In the lab, the scabs did turn into an infection because he kept scratching at them and licking, so the vet said bacteria got in. that's why the antibiotic shot. But the shot cleared up the infected areas and the original flaky spots that haven't been infected. He was all clean and shiny for a few weeks, until the scheduled booster shot, for lyme i believe. 

It's not mites or fleas, not bites. I spoke to a vet who suggested using Betadyne on the spots on both dogs. 

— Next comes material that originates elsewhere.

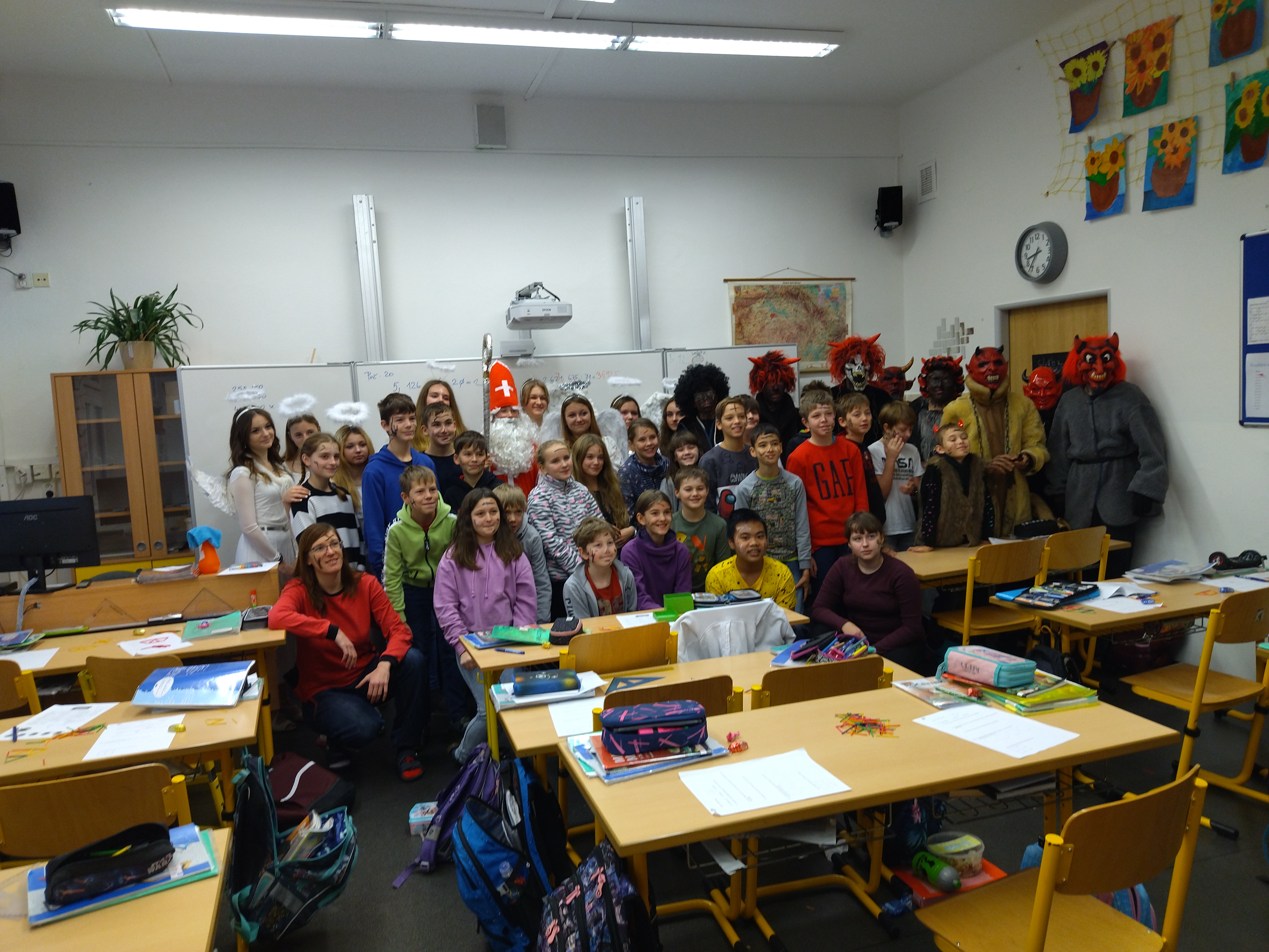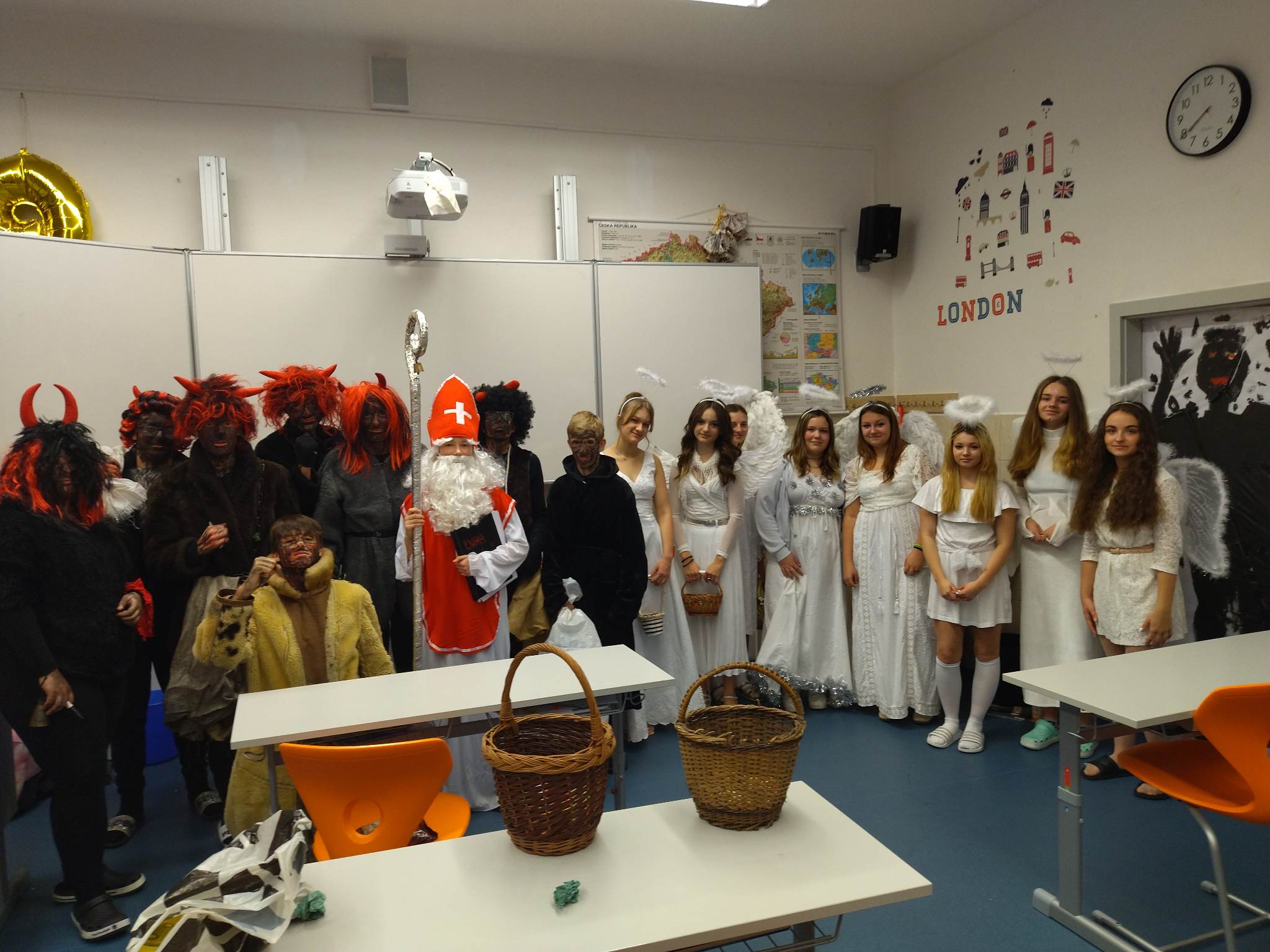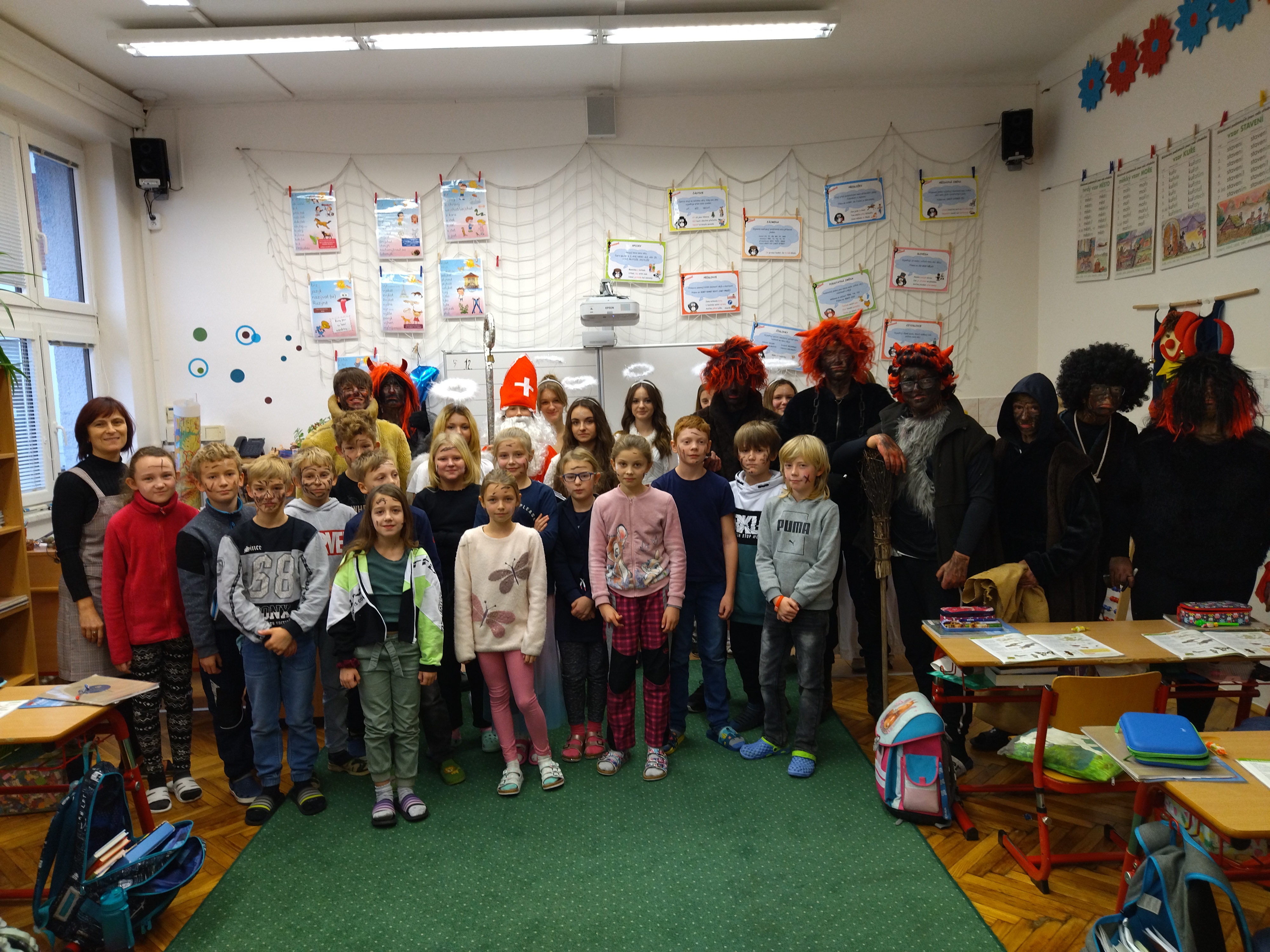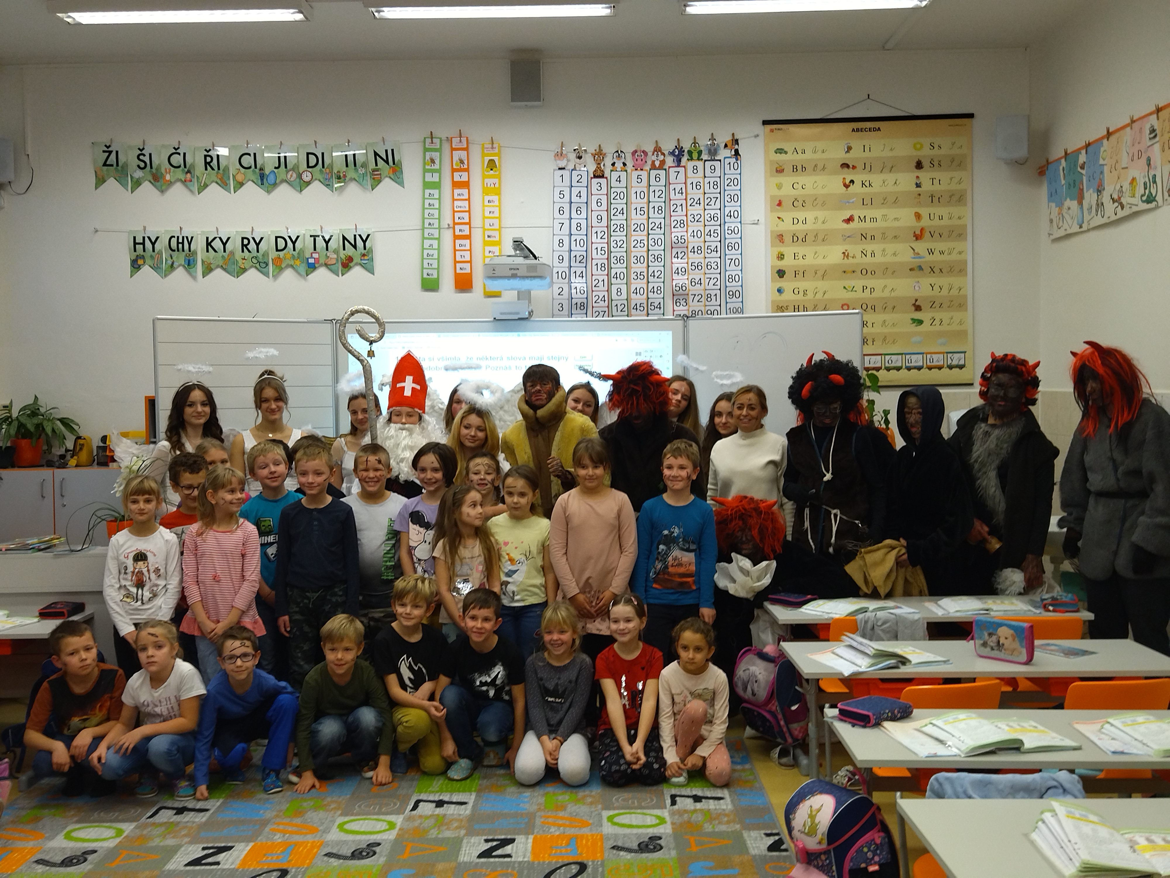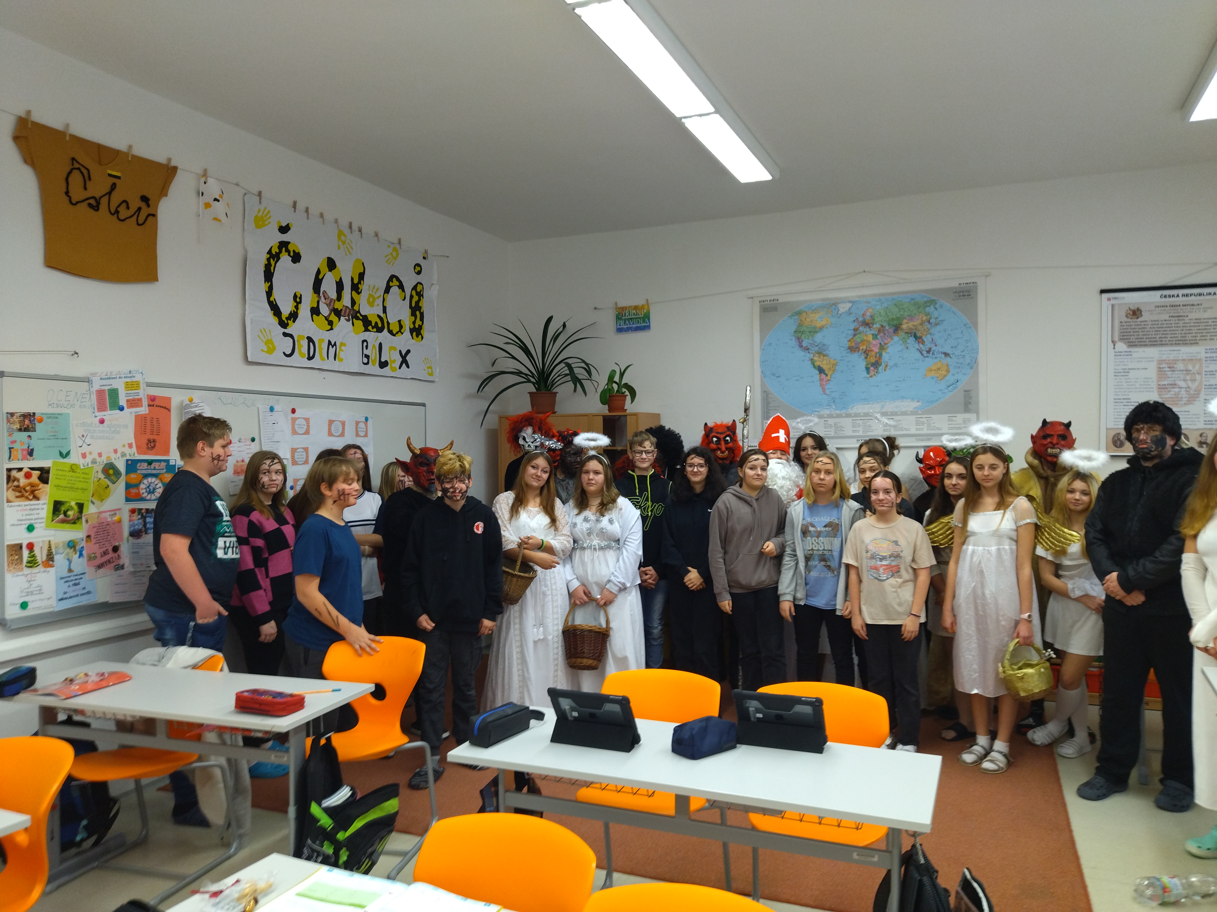 Během pondělního dopoledne jste mohli zaslechnout v budovách ZŠ i MŠ neobvyklé řinčení řetězů a cinkání nejrůznějších zvonečků. To se k nám opět po roce přišla podívat nadpřirozená družina ve standardní sestavě reprezentovaná jedním Mikulášem a letos velkým množstvím čertů i andělů.

We are going to the vet next week regardless (unless this gets worse on the puppy), but i'm not positive the vet will have an answer. Last time he stated "well, it could be the food" that doesn't comfort me :-\


----------



## texasred (Jan 29, 2012)

If it is allergies , its hit or miss until you get it figured out.
I have used Betadyne to cut done on skin infections over the warm summer months. I mix it with warm water until its the color of tea, and use it as a rinse. Make sure you stay away from eyes , mouth and nostrils. 
You can also look up Dr Karen Becker, she has a homemade rinse that has a couple more ingredients added to it.


----------



## hecallsmebama (Mar 31, 2016)

I'm not a doggy expert as my v-baby is only 8 months old, but in the picture it looks like plaque-ish dandruff? Does that sound right? It could be fungal, which can in some instances be contagious (think athlete's foot). Coconut oil is an antifungal. It might help. It wouldn't hurt to try. It may not be strong enough, so if it doesn't work, I wouldn't say that it means it's NOT fungal. But it's a good place to start. My pediatrician recommends coconut oil for cradle cap and ezcema. It works wonders for those. You can try it topically or putting some on their food or both. Good luck!


----------



## Rbka (Apr 21, 2014)

From my understanding (I think I read this on here at some point) food allergies usually affect ears (yeast infections) and environmental allergies usually affect skin and eyes. Nico seems to get two waves of those spots every year (usually one around May and one around August) so we attribute it to tall grasses, ragweed, etc.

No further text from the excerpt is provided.